Content delivery network for web resources

cdnjs is a free and open-source software (FOSS) content delivery network (CDN) hosted by Cloudflare. As of May 2021, it serves 4,013 JavaScript and CSS libraries, which are stored publicly on GitHub. It is included in millions of websites, or 12.4% of the websites on the Internet, making it the second most popular CDN for JavaScript.

== History ==
In January 2011, Ryan Kirkman and Thomas Davis created the service, launching it on GitHub on February 25, 2011. It initially served content through Amazon CloudFront. On June 15, 2011, cdnjs partnered with Cloudflare, who provided the CDN and subdomain cdnjs.cloudflare.com for the project.

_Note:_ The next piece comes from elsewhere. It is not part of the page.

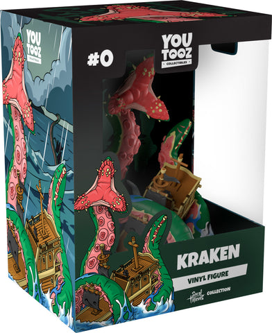 This incredibly detailed designer art figure stands 4.5" tall and captures the heart stopping moment a Kraken rises from below, using its tentacles to squeeze and breach the hull! The base is a blue sea, with waves modeled mid splash, and in the center we see a half sunken ship, sporting a black Youtooz sail. With a green exterior, detailed pink suction cups and sharp teeth, be extra careful with the Kraken on your desk. The window box of the figure was illustrated to capture a gloomy storm at sea. This collectible ships in a matte, embossed, protective outer sleeve.
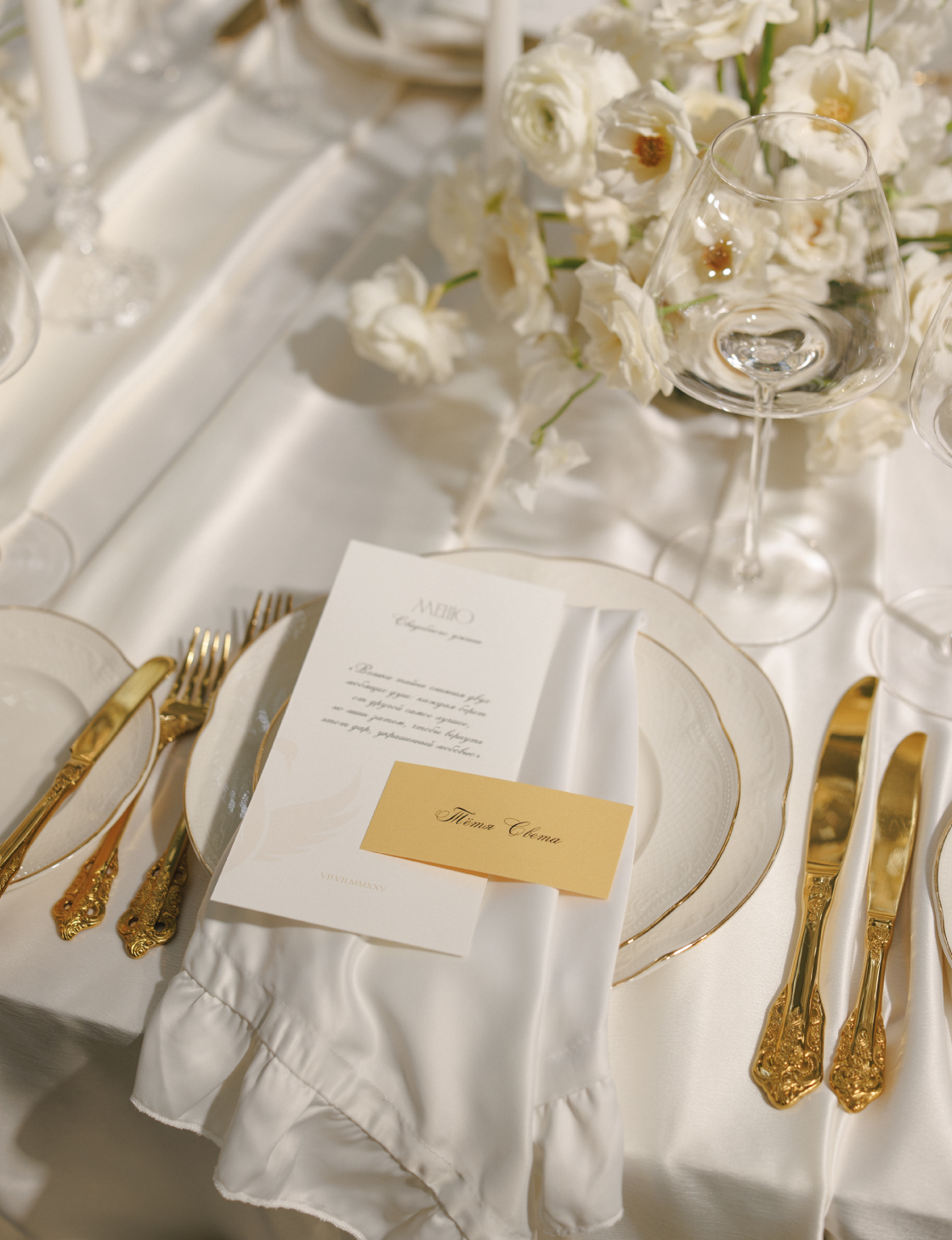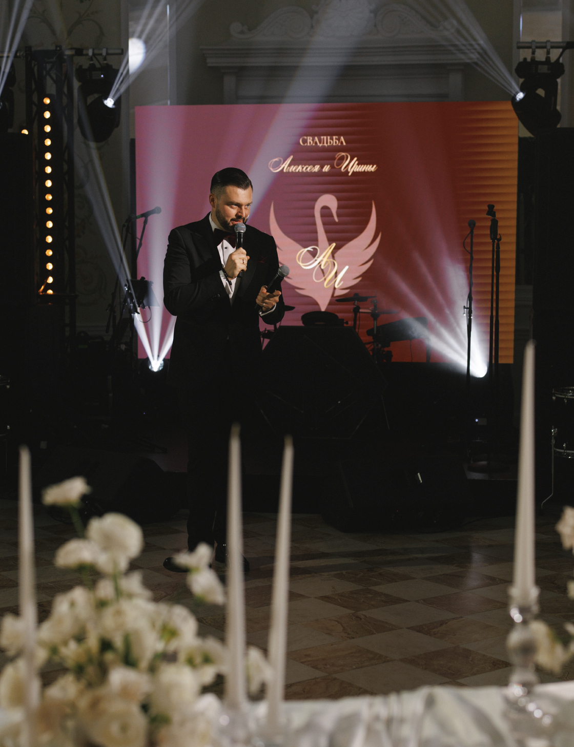 Идея свадьбы выросла из любви пары к искусству. Символом стали лебеди — олицетворение верности и нежности. В концепции чувствовалась и театральная линия: афиша, декорации, сцена, где всё происходит торжественно и эстетично.

On November 1, 2019, the founders turned over control of cdnjs to Cloudflare, citing "technical and commercial reasons." According to the community maintainers, the project was difficult to manage because of limited access to the GitHub repository, inactive founders, and a small budget. It is estimated the annual budget at the time was approximately $50/yr.

== Operation ==
The service is maintained by the community and Cloudflare. As of May 2021, there have been 1,443 contributors to the main GitHub repository, and 88 contributors to the newer package configuration GitHub repository.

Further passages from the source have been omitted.